**Try it**: In the entries below, the lines from the one with "وهذه الغارات بطائرات" through the one with "En parallèle aux" are to be copied exactly; both ends count.

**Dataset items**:
•••••

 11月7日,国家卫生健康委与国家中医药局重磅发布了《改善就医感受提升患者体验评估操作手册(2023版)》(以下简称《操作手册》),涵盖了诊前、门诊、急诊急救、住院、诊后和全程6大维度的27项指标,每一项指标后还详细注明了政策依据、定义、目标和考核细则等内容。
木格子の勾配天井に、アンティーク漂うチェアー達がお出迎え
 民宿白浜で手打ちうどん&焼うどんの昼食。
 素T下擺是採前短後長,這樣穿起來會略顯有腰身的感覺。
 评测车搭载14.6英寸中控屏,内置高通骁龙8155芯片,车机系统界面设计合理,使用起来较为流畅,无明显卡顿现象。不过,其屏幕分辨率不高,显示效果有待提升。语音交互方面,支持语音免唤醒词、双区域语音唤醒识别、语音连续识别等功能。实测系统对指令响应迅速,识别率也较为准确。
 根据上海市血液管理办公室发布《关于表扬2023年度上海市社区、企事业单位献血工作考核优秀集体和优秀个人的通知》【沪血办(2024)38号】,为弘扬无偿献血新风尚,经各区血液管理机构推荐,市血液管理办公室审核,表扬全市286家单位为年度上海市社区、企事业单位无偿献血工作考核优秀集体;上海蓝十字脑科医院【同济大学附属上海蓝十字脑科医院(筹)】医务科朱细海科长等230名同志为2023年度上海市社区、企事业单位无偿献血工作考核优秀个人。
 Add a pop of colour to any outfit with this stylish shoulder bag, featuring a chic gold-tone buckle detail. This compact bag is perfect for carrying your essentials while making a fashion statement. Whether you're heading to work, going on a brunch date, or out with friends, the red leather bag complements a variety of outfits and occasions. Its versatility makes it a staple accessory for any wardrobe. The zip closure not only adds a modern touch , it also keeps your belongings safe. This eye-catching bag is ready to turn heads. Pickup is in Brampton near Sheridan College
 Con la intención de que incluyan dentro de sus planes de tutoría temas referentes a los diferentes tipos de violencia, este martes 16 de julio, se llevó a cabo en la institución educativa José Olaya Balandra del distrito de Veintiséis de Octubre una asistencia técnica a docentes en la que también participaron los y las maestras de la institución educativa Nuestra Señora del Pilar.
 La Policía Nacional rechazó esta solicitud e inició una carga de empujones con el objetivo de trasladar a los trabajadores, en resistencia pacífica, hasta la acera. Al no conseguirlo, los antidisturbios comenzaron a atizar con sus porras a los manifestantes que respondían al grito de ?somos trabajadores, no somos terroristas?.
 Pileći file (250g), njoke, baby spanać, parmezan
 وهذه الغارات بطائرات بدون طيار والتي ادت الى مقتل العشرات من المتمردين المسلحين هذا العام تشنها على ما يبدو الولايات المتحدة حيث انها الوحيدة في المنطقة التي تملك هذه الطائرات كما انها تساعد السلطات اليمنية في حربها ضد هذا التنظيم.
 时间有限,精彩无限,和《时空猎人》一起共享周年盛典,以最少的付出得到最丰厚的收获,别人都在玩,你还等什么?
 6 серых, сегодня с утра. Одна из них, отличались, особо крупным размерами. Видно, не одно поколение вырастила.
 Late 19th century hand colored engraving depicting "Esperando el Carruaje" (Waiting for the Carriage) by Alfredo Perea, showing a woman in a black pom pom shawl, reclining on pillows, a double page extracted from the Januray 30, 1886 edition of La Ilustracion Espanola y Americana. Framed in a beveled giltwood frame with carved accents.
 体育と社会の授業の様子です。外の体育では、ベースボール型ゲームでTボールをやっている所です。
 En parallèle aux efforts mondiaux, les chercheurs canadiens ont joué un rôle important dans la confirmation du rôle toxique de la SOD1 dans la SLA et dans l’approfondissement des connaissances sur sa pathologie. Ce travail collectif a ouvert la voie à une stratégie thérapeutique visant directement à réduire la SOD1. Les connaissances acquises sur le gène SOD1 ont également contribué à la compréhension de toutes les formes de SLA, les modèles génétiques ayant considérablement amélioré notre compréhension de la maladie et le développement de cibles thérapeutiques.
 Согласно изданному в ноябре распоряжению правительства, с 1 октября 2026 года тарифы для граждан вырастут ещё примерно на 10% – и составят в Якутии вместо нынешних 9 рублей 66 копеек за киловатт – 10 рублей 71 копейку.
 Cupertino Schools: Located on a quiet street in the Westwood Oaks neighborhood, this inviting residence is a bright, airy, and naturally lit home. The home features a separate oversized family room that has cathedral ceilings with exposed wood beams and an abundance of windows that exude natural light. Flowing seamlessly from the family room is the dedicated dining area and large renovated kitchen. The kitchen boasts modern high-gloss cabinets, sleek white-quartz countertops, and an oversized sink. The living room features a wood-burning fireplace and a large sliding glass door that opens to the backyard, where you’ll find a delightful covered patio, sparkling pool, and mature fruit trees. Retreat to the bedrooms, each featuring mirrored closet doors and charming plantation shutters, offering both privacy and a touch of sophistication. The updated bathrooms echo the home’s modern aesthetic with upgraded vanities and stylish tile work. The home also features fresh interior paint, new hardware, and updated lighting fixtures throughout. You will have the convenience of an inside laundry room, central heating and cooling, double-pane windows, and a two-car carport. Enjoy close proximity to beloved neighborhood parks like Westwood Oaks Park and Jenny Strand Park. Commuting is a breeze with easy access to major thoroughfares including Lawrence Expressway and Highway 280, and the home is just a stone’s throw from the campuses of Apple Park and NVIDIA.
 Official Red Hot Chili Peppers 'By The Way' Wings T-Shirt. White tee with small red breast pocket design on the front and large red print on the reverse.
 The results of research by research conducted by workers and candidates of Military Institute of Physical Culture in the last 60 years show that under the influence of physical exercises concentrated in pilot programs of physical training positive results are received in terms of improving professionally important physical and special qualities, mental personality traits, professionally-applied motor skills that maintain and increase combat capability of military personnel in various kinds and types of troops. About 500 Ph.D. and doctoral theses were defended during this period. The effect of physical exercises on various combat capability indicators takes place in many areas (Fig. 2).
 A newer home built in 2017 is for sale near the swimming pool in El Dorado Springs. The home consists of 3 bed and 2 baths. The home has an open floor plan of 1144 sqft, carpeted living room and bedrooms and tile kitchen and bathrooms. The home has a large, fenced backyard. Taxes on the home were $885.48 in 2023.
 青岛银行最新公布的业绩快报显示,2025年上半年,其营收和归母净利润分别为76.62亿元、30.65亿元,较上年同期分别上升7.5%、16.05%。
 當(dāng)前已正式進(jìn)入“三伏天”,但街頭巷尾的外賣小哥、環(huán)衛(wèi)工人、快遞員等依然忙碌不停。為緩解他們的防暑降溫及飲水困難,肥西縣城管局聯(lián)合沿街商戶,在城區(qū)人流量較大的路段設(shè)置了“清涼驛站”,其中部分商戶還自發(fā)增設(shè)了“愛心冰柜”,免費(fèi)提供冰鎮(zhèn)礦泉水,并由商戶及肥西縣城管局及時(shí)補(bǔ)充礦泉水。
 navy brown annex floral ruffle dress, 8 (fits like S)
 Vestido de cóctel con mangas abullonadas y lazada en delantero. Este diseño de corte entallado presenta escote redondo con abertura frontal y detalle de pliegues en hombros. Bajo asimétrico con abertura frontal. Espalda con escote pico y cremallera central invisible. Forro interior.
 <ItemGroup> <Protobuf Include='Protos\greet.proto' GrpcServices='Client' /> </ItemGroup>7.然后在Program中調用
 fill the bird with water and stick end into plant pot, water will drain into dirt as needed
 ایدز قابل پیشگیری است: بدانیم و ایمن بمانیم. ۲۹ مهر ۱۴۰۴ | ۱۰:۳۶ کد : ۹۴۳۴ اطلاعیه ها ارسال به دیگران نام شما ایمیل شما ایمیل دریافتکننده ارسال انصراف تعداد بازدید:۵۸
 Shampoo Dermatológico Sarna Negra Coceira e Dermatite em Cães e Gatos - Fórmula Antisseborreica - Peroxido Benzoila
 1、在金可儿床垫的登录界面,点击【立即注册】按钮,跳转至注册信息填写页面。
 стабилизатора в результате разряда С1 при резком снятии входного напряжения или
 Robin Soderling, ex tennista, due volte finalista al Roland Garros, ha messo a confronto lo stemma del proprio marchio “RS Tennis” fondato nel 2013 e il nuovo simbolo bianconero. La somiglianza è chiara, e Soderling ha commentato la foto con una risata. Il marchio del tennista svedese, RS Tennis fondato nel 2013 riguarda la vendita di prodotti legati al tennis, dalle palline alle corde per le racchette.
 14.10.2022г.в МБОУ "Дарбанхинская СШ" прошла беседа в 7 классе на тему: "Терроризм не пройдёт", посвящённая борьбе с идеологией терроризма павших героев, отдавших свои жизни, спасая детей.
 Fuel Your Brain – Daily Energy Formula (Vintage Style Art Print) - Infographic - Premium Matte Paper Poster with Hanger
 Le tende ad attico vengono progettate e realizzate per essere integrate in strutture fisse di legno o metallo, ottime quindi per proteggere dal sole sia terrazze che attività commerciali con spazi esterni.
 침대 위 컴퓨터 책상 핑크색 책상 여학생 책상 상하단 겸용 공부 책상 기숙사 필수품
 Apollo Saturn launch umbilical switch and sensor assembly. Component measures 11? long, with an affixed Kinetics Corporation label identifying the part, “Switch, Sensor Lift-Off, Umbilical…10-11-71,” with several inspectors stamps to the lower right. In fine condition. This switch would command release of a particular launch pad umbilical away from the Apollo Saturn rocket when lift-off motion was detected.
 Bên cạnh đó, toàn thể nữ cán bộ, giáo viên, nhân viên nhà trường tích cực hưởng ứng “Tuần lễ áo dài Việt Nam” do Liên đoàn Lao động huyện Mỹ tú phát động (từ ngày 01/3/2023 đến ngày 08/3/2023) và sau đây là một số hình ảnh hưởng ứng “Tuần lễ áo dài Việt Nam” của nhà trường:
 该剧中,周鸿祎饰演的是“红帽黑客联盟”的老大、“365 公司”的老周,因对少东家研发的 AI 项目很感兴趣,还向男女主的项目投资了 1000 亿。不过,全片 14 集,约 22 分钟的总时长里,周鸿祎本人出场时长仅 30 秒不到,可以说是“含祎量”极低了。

•••••

**Completed task**:
 وهذه الغارات بطائرات بدون طيار والتي ادت الى مقتل العشرات من المتمردين المسلحين هذا العام تشنها على ما يبدو الولايات المتحدة حيث انها الوحيدة في المنطقة التي تملك هذه الطائرات كما انها تساعد السلطات اليمنية في حربها ضد هذا التنظيم.
 时间有限,精彩无限,和《时空猎人》一起共享周年盛典,以最少的付出得到最丰厚的收获,别人都在玩,你还等什么?
 6 серых, сегодня с утра. Одна из них, отличались, особо крупным размерами. Видно, не одно поколение вырастила.
 Late 19th century hand colored engraving depicting "Esperando el Carruaje" (Waiting for the Carriage) by Alfredo Perea, showing a woman in a black pom pom shawl, reclining on pillows, a double page extracted from the Januray 30, 1886 edition of La Ilustracion Espanola y Americana. Framed in a beveled giltwood frame with carved accents.
 体育と社会の授業の様子です。外の体育では、ベースボール型ゲームでTボールをやっている所です。
 En parallèle aux efforts mondiaux, les chercheurs canadiens ont joué un rôle important dans la confirmation du rôle toxique de la SOD1 dans la SLA et dans l’approfondissement des connaissances sur sa pathologie. Ce travail collectif a ouvert la voie à une stratégie thérapeutique visant directement à réduire la SOD1. Les connaissances acquises sur le gène SOD1 ont également contribué à la compréhension de toutes les formes de SLA, les modèles génétiques ayant considérablement amélioré notre compréhension de la maladie et le développement de cibles thérapeutiques.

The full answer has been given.